Die Bearbeitung kann natürlich auch unter Verwendung nur eines der beiden Stempel c und d erfolgen. Die Arbeitsstücke werden alsdann, gleich nach Abtrennen des Pressgrates durch die gegenüberliegende Matrize hindurchgestossen, wobei Muttern und ähnliche Gegenstände zwecks Verfeinerung ihrer Seitenflächen, noch weitere Matrizen passieren können.
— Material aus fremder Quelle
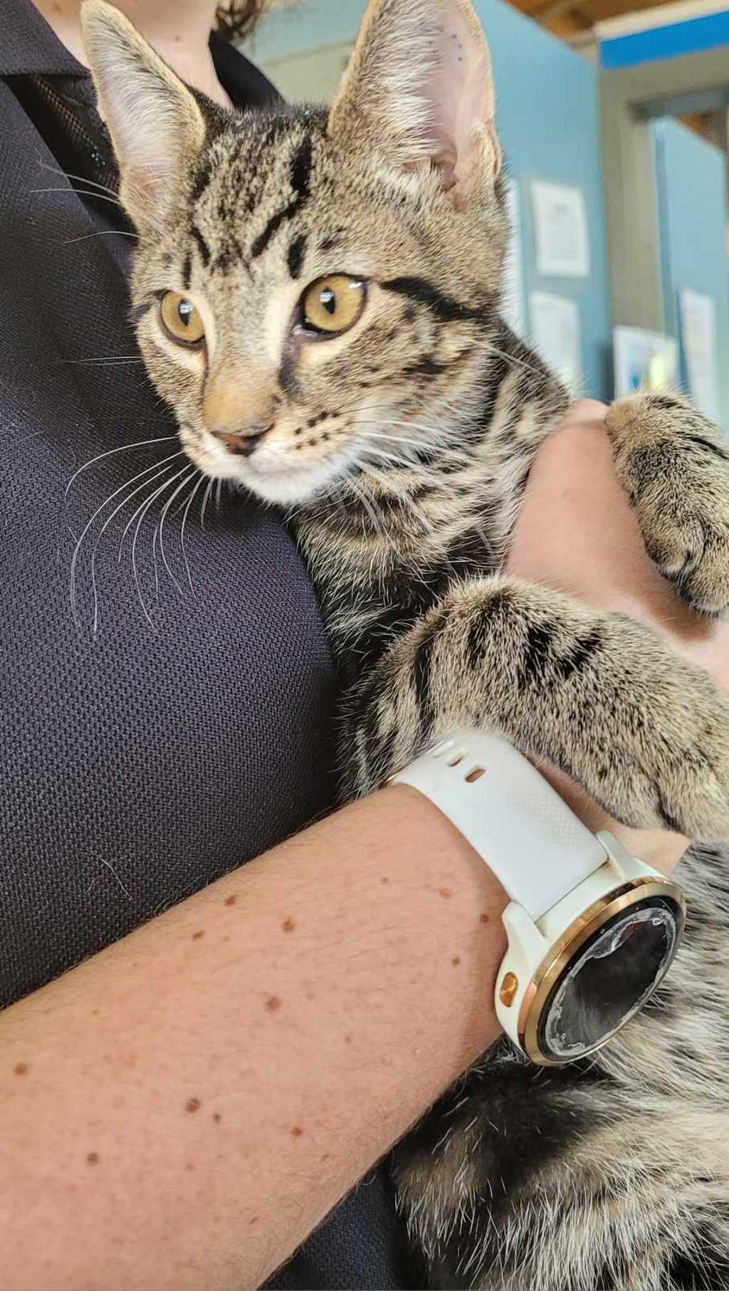 I have perfected the art of the irresistible purr. It's like my secret weapon for getting all the cuddles and chin scratches I could ever want. Life's just one big, exciting string of moments, and I'm here to make every second count - whether I'm chasing my tail or sharing some purr-fectly quiet time with my favourite humans. So, if you're up for a bundle of furry fun and a lifetime of companionship, please consider adopting me!

Sollen Bundmuttern oder Köpfe mit Bund (Fig. 7) hergestellt werden oder scheint eine spätere Abtrennung des Pressgrates aus irgendwelchen Gründen von Vorteil zu sein, dann lassen sich die Arbeitsstücke auch unter Verwendung nur einer, der äusseren Form der Mutter oder des Kopfes entsprechend ausgearbeiteten Matrize fertigstellen ; die Gegenmatrize ist dann einfach mit einem Loch zur Aufnahme des Bolzenschaftes oder bei Bearbeitung von Muttern, mit einer entsprechenden Halte-bzw. Zentriervorrichtung versehen.
PATENT-ANSPRÜCHE :
1. Verfahren zum Formen und Bearbeiten der Seitenflächen an Muttern, Schrauben-und Bolzenköpfen, dadurch gekennzeichnet, dass zwei einander gegenüber angebrachte Matrizen (a und), welche der äusseren Form bzw. der Schlüsselweite der Muttern oder der Bolzenköpfe entsprechend ausgearbeitet sind, durch ihre Annäherung das Arbeitsstück unter Bearbeitung von dessen Seitenflächen in sich aufnehmen und ihm die richtige Form geben, das über die Matrizenausnehmung hinaus vorhandene Material aber durch die Matrizen zusammengepresst und dann durch einseitigen Druck auf das Arbeitastück von diesem letzteren abgetrennt wird.